Your objective ▸
With pictures left out, return only the lines from the line containing "Платье от бренда" through the end of the material below, both included.

Given material ▸
● ● ● ● ●
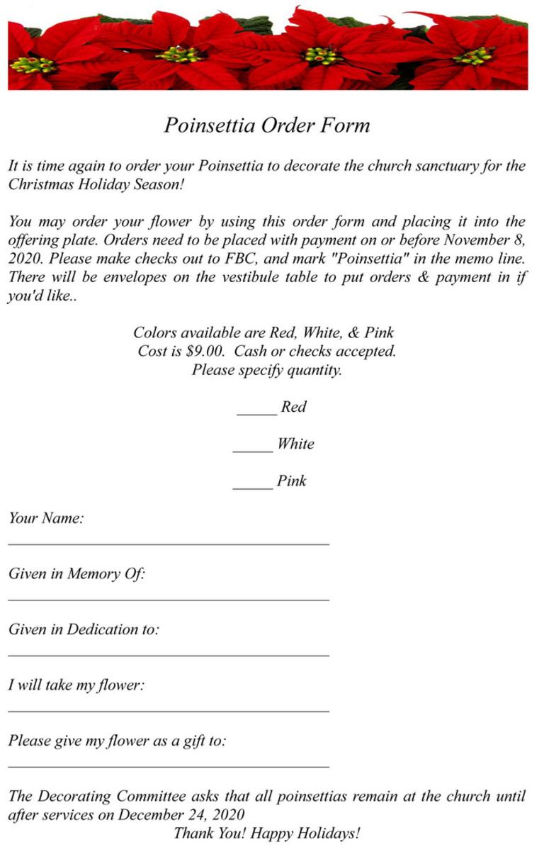 Please contact the church office by email or phone if you wish to order poinsettia's on or before November 8th, 2020.
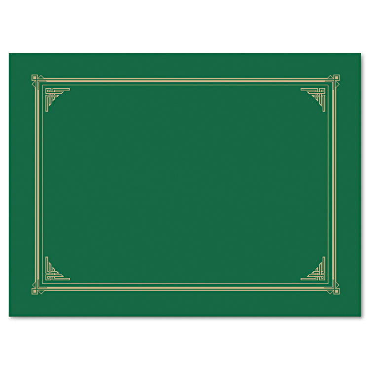 The perfect way to hold and frame precious documents and certificates. Premium 80-lb linen textured cover stock with elegant gold-foil design adds a touch of elegance to any important paper. Easy to use-slip the full-size certificate into die cut to hold 8 x 11 certificates, or A4 and 8 x 10 photos and documents. Also great as photo holders, invitation folders, menus and more. Color(s): Green; Width: 12.5"; Height: 9.75"; Insert Size: 8.5 x 11; 8 x 10; A4.
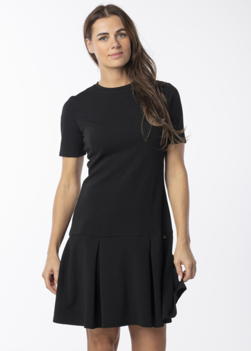 Платье от бренда Denim Dream для женщин представляет собой элегантное и стильное решение для особых случаев. Оно имеет приталенный силуэт и женственный дизайн с круглым вырезом. Эластичная ткань с рельефным узором обеспечивает комфорт и красиво драпируется, а застежка на спине добавляет удобства. Логотип бренда расположен на левой стороне. Модель имеет рост 176 см и носит размер S.
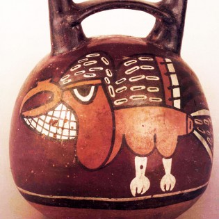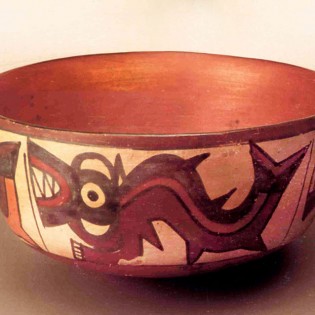Las representaciones de las criaturas fantásticas Nasca fueron cambiando a través del tiempo. Así, la orca que en un comienzo se reconocía fácilmente, como muestra la pieza de la fotografía, fue evolucionando hasta terminar en una figura muy abstracta y poco reconocible, como se aprecia en esta pieza.
● ● ● ● ●
Output of the exercise ▸
 Платье от бренда Denim Dream для женщин представляет собой элегантное и стильное решение для особых случаев. Оно имеет приталенный силуэт и женственный дизайн с круглым вырезом. Эластичная ткань с рельефным узором обеспечивает комфорт и красиво драпируется, а застежка на спине добавляет удобства. Логотип бренда расположен на левой стороне. Модель имеет рост 176 см и носит размер S.
Las representaciones de las criaturas fantásticas Nasca fueron cambiando a través del tiempo. Así, la orca que en un comienzo se reconocía fácilmente, como muestra la pieza de la fotografía, fue evolucionando hasta terminar en una figura muy abstracta y poco reconocible, como se aprecia en esta pieza.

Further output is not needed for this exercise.